So back in 2023, so about a year ago, I went to Cole and said, hey, there's a conference coming up. Why don't we do a talk together and focus on all the exciting ways that GenAI is impacting the statistical programming and the pharmaceutical space. And so we got together and we wrote a paper. I'll put it in the chat box. It's called AI Exploration and Innovation for the Clinical Data Scientist. This was presented at the FUSE conference, I think back in February, March timeframe. And you can find the paper here, and I'll put this in the chat so everybody can get to it.

And what we did is we, in this paper, broke down all of the tools that people were using at that time for helping to aid programmers. And there's a lot of interest right now in how can we support programmers, especially coming from commercial software, and aid them in the transition over to open source, especially R, using Python and tools like that. And so that was the perspective of the paper. But we decided as we were writing it that there was two new and exciting areas that we jumped on. One was the idea of can you use local models in addition to the public LLMs? And then also, if you do that, or even if you build and have access to other public models, how do you have an interface into that? And so we have some sections in here around creating Shiny interfaces as well as Streamlit interfaces for doing that.

And so over the course of, you know, four or five months this year, Cole and I gave a couple different talks about these topics. And what they kept transitioning over into was the power of Shiny for interfacing into LLMs. And so, Cole, I know this was something that felt like we've seen a lot with groups that we work with, with people in the public. There was also Joe Chang's talk at the Posit Conference a couple weeks ago. Winston spoke about this. So why don't you take the attendees through this diagram that you wrote and explain this a bit?

Yeah, this is my crazy brainchild. But the thing that I thought was really interesting is that OpenAI and ChatGPT went like crazy viral to the point that people who know nothing about software and technology and statistics were talking about it. And I think the thing that they really nailed was this little triangle that I developed here. It wasn't just that they created a cool model. It's the bottom right corner. They did create a cool model, right? They've made a lot of good progress there. But the thing that they really nailed is they created an interface that people could build on top of, and that's the top of the triangle, right? So they created an OpenAPI interface that folks can build against when they're building their own software tools. And so that's consistent. It's structured. It's useful if I wanted to build some app that used this model.
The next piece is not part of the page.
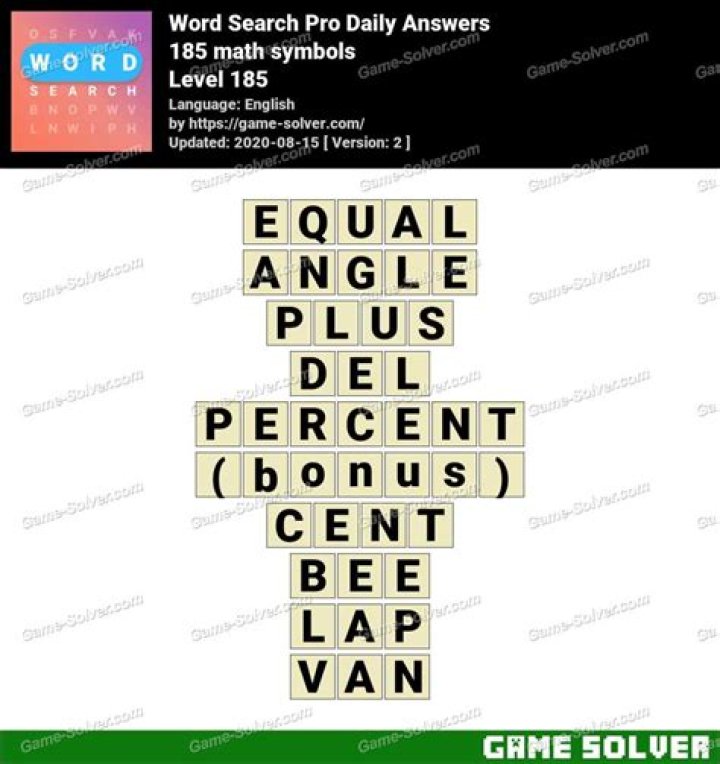 - Word Search Pro Daily 185 math symbols

And so that, I think, is part of what made them enormously successful is that, and I've done this before, is like you build a tool that uses their model through that OpenAPI interface. And if they improve the model, all I do is like click a button and my tool gets better. I don't have to do any rework. So that extensibility and that platform kind of structure was really big. But then the other thing that they really nailed, and this was part of the virality of it, was the user experience. This chat app where you could like talk to the model and be like, wow, this thing's really smart. That was, I think, really innovative and it was what kind of made the power of the model click for everyone.
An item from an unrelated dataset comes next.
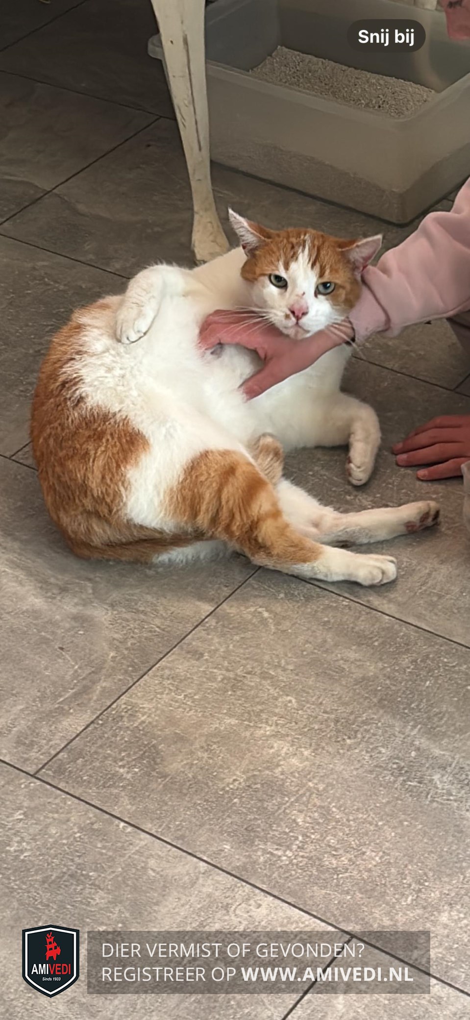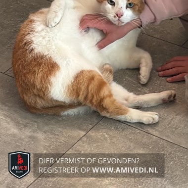 | Signalement | Rood kopje en oren. Litteken & hapje uit linker oor. Witte bles. Litteken over neus. Wit snuitje, hals, borst en buik. Litteken onder buik. Rode rug. Witte pootjes, rechts achter rode vlek. Geringde staart. |

what kind of made the power of the model click for everyone.

And so these three things all kind of work together really nicely. And this is kind of the worldview that we think about a lot when we think about data products, that you want to think about how your users are interacting with what you've built. A lot of times they don't care, you know, how you built the model or how you tuned it. They want to have an interface that makes sense and provides value to them. But then the other thing is to build these interfaces so that you don't have to rebuild your UX every time the model changes. And so that's kind of the API interface and more kind of structured interactions. So anyways, all three of these go into a good data science ecosystem, in our opinion.

Shiny for Python and LLM interfaces

And I think, so what Cole and I did as the talks evolved, we focused on the landscape for GenAI and the open source ecosystem. And then we migrated that over into a hands-on workshop. And then the last talk that we gave in June was how do you use the tools that are on my screen for building Shiny applications. And so we made videos of almost all of these. And so we're going to leave that to you. And if there's some time today in our 30-minute session here today, we'll try to show you how to get up and running with some of these. But what we want to focus on today is this UI space. How do we create custom interfaces into LLMs, into models?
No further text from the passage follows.